1.) Most people feel left behind in some way — no matter what their life is like

2.) People need and want help, and people need and want to provide help

3.) Incredibly Bad at Communicating with One Another

4.) Bourgeois American Culture and White Supremacy are all about the myths of self-reliance and perfection

5.) Because we are so bad at asking for and receiving help, we need scripts and plans

6.) Friendship, care, and community-building is periodically no fun at all. It’s un-optimizable. You can’t put it in your resume. You can’t buy it, or hack it, or fast-track it. But its value is beyond measure.

Some of the suggestions:

(for those with kids) If you’re scared of how your kid might behave around your friend, make that known. It will make you feel better, and ideally you’ll be able to talk about why that fear exists, and how to soothe it.
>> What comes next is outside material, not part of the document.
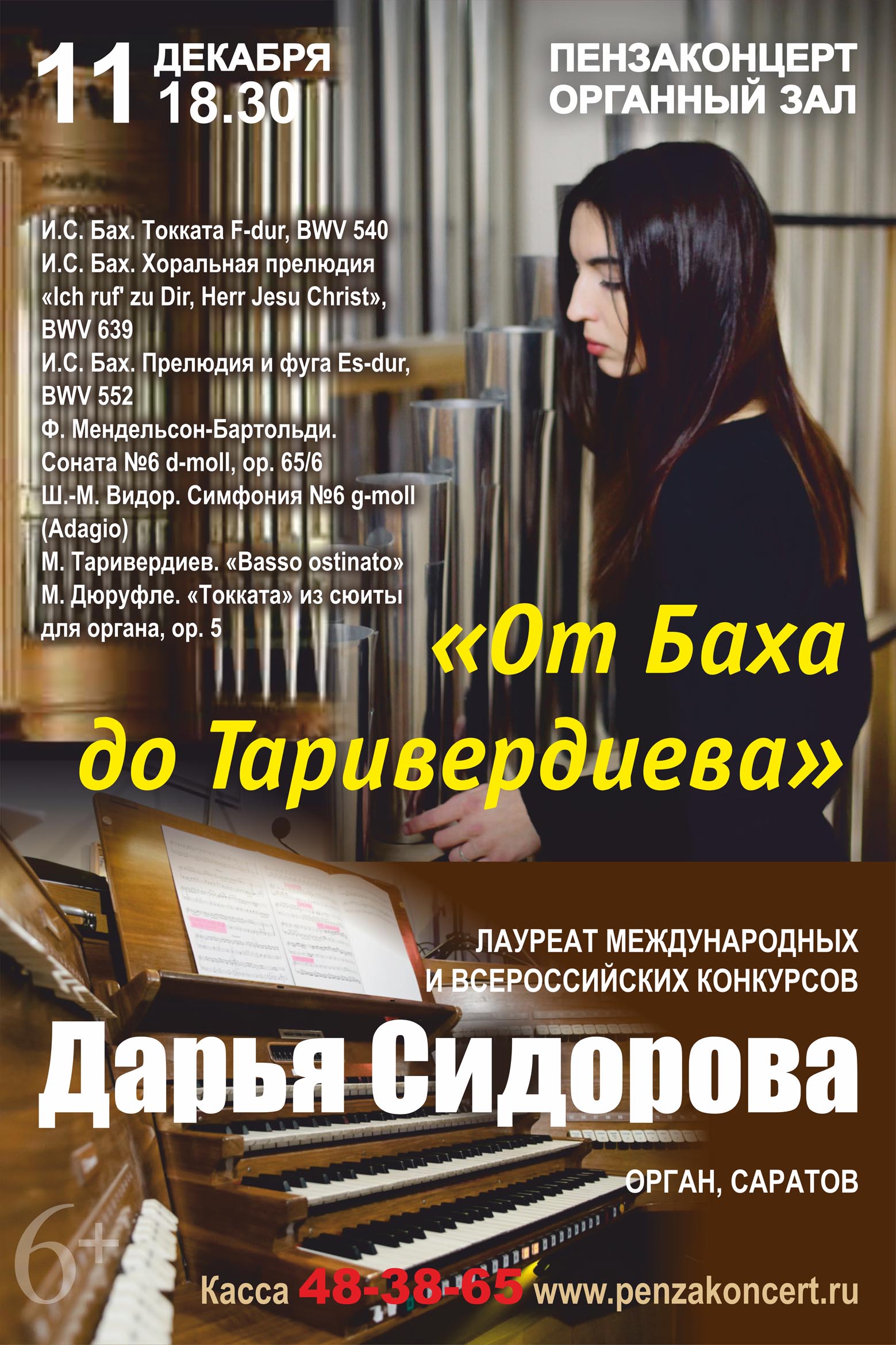 Лауреат международных и всероссийских конкурсов, выпускница Саратовской государственной консерватории имени Л.В. Собинова Дарья Сидорова представляет программу «От Баха до Таривердиева».

(for those who are child-free) If your friends have just had a baby: they don’t need help with the baby; they need help with the rest of their lives. This is the time to leave the bag of groceries on their stoop, to show up and clean the kitchen while they shower, to take their car to get the oil changed. Offer very specific ways that you will help and when you will be there to do it, because they are too exhausted to schedule anything or even imagine what they need.